**Problem**
Word for word, retype the lines from the one containing "1. 身體採前弓後箭站姿穩定d握把調整至肩膀高度f" to the last line of the data below, both ends included.

━━ Listed records

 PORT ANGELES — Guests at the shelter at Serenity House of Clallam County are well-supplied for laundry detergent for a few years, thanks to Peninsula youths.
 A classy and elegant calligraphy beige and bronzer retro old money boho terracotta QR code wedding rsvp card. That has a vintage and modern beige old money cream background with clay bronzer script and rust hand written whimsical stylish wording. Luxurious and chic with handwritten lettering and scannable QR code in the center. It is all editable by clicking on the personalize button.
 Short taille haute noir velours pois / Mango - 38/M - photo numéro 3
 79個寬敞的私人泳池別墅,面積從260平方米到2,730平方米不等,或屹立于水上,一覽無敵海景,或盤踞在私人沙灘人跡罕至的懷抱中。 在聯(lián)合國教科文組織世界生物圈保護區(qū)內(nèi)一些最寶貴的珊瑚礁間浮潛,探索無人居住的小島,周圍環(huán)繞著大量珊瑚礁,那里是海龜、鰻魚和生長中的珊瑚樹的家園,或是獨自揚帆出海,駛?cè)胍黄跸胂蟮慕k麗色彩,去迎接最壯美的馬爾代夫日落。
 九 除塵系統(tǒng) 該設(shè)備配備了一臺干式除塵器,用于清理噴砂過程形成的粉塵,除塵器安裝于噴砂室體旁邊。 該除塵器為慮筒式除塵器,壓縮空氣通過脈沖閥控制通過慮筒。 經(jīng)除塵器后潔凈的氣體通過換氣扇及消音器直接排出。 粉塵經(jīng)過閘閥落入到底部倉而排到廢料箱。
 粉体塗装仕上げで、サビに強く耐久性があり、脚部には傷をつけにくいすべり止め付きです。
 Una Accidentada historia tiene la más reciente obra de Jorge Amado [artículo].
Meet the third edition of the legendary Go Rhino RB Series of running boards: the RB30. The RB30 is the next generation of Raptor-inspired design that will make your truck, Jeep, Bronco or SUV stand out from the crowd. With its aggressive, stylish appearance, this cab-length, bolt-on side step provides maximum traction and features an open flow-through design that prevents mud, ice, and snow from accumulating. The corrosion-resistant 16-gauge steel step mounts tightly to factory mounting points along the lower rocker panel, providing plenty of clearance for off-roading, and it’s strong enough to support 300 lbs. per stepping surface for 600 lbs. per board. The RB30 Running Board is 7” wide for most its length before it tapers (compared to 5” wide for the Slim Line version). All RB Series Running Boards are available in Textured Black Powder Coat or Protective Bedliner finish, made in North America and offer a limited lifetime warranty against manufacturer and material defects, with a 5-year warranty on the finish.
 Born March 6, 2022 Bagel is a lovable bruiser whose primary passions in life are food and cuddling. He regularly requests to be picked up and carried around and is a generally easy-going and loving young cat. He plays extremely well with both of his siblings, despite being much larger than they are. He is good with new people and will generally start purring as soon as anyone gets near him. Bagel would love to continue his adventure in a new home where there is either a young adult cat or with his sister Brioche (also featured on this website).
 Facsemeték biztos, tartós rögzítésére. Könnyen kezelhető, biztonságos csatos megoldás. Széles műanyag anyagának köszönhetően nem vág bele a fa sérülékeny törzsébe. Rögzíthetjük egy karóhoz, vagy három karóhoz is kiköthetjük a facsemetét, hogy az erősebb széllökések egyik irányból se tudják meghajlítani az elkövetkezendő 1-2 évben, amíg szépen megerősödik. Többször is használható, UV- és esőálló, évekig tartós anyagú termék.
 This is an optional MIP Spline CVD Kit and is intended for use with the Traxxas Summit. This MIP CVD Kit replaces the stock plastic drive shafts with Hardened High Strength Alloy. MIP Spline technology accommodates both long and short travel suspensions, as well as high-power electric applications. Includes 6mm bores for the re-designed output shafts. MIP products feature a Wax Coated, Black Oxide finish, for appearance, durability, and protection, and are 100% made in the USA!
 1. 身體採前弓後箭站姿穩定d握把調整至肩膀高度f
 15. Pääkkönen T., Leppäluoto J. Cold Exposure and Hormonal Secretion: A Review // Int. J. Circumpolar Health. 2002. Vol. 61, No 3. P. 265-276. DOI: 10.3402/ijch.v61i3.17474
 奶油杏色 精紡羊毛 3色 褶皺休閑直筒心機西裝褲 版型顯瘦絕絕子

━━━━

**Task answer**
 1. 身體採前弓後箭站姿穩定d握把調整至肩膀高度f
 15. Pääkkönen T., Leppäluoto J. Cold Exposure and Hormonal Secretion: A Review // Int. J. Circumpolar Health. 2002. Vol. 61, No 3. P. 265-276. DOI: 10.3402/ijch.v61i3.17474
 奶油杏色 精紡羊毛 3色 褶皺休閑直筒心機西裝褲 版型顯瘦絕絕子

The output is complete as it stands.